Report warns of ‘educational emergency’ in Pakistan | Pakistan Today

Report warns of ‘educational emergency’ in Pakistan

LAHORE – The government says Pakistan is in the midst of an educational emergency with disastrous human and economic consequences, the BBC said on Wednesday. A report prepared by a government commission mentions that half of all Pakistani school children cannot read a sentence. It says funding for schools has been cut from 2.5 percent of GDP in 2005 to just 1.5 percent – less than the national airline gets in subsidies.
It describes the education crisis as a self-inflicted disaster. The report says 25 million children in Pakistan do not get primary education, a right guaranteed in the country’s constitution while three million children will never in their lives attend a lesson. The report says while rich parents send their children to private schools and later abroad to college or university, a third of all Pakistanis have spent less than two years at school.
“Millions of children are out of school, there is a crumbling infrastructure and education budgets are constantly shrinking but… the situation can be improved in a matter of years if there is a political will for change,” the report says. It says at the current rate of progress, Punjab will provide all children with their constitutional right to education by 2041 while Balochistan – the worst affected area – will not reach this goal until 2100.
The report says that only 6 percent children get their education in religious schools or madrassas. The commission also found that 30,000 school buildings are so neglected that they are dangerous while another 21,000 do not have a school building at all. Only half of all women in Pakistan can read, in rural areas the figure drops to one third. There are 26 countries poorer than Pakistan who still manage to send more of their children to school.

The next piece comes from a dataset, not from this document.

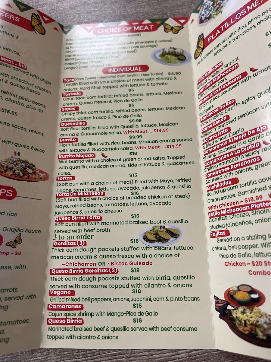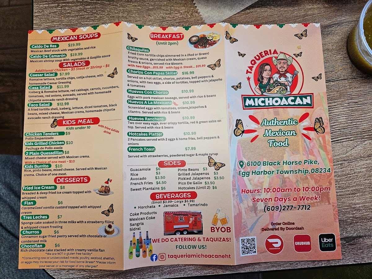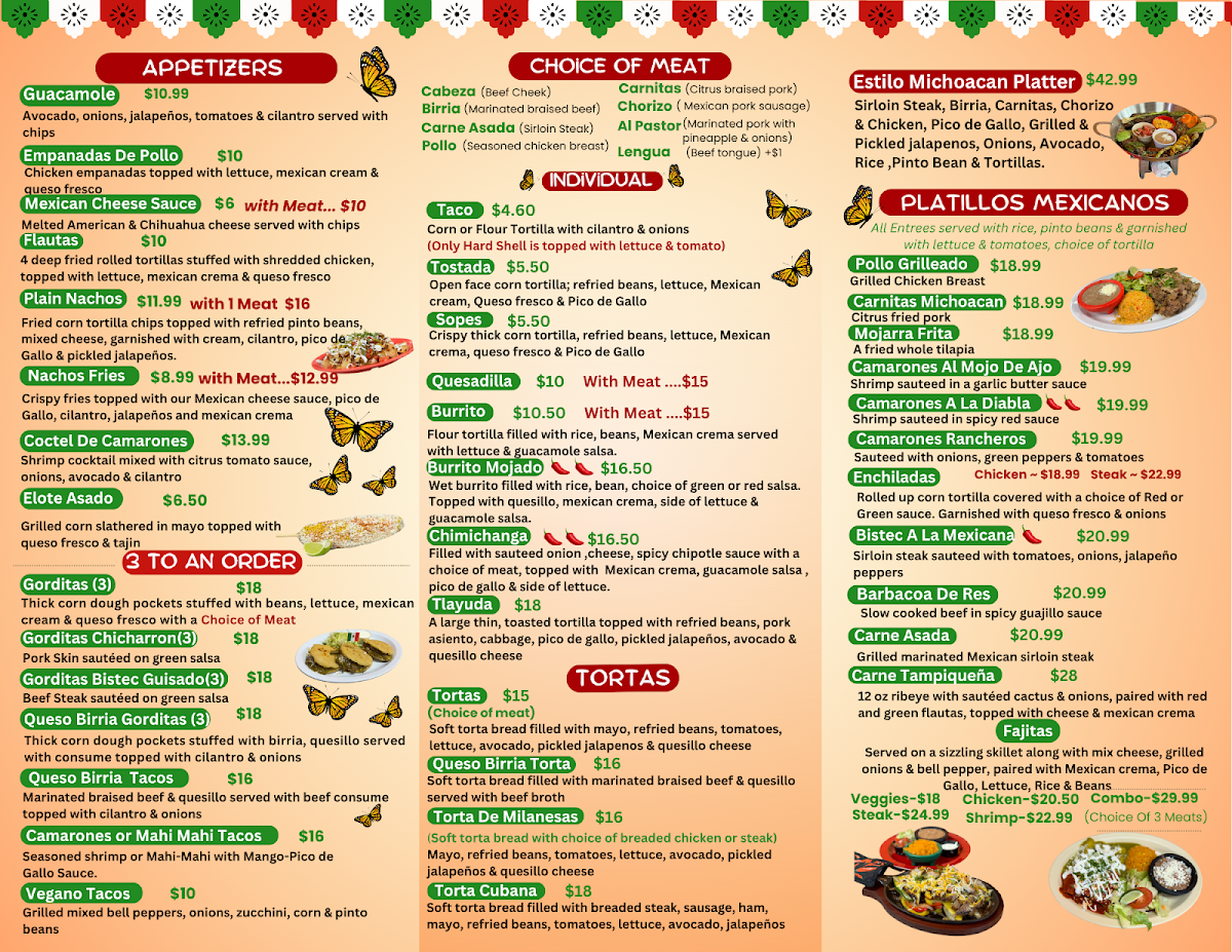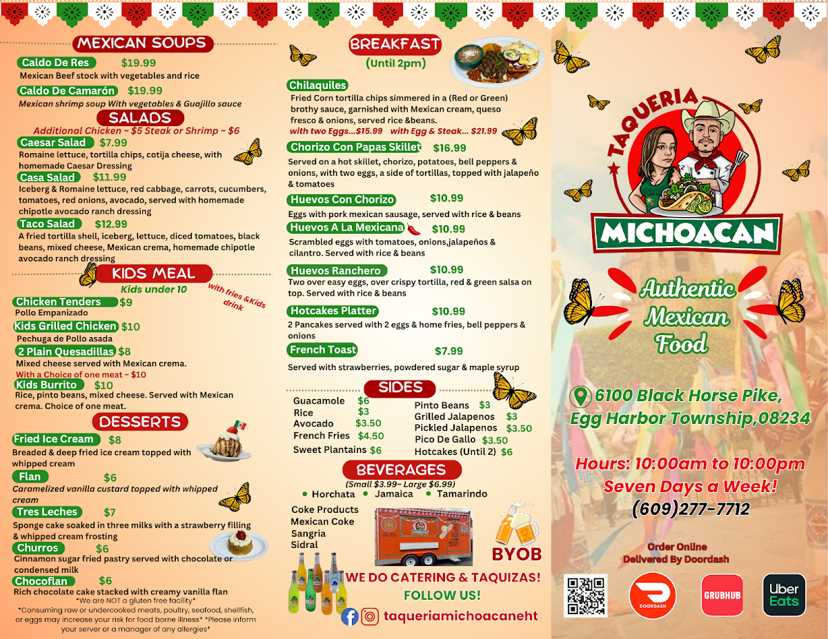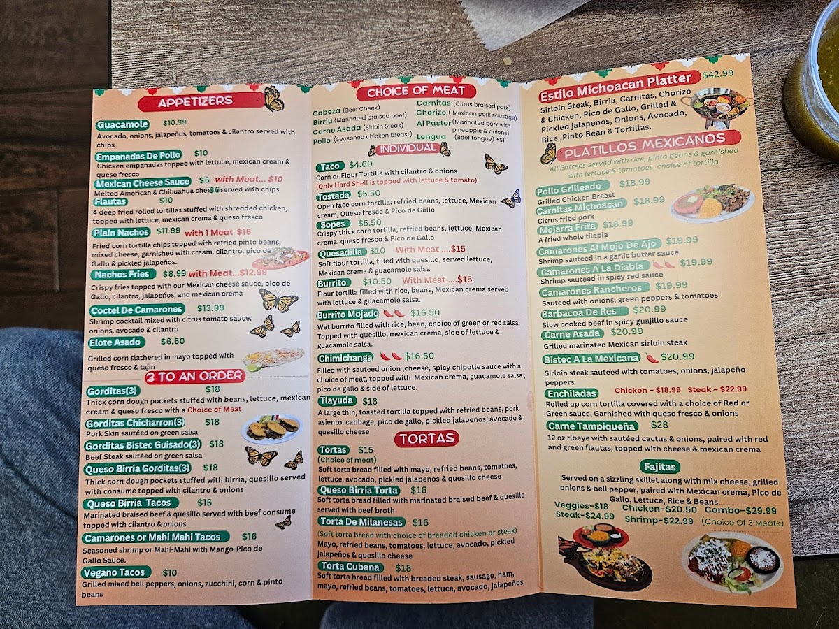 Taqueria Michoacán offers a menu that feels both approachable and comforting, showcasing authentic Mexican flavors in a casual dining setting. The menu features an inviting mix of classic tacos, hearty burritos, and flavorful platters, perfect for a relaxed lunch or a laid-back dinner with friends and family. Whether you’re stopping by for a quick bite or settling in for a full meal, the dishes here provide a satisfying sense of home-cooked tradition.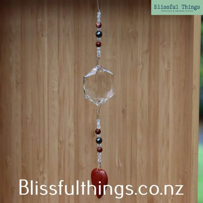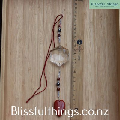 This beautiful rainbow catcher features an octagon crystal drop adorned with a Red Jasper heart, creating a radiant display of light and colour.

Only 65 percent of schools have drinking water, 62 percent have latrines, 61 percent a boundary wall and 39 percent have electricity The report aid Pakistan – in contrast to India, Sri Lanka and Bangladesh – had no chance of reaching the UN’s Millennium Development Goals for education by 2015. The findings also affect population growth – because educated women have smaller families with children who are healthier and more inclined to use their own education to nurture the next generation.
The report concludes that if the government doubled its present spending on education, significant progress could be made in just two years.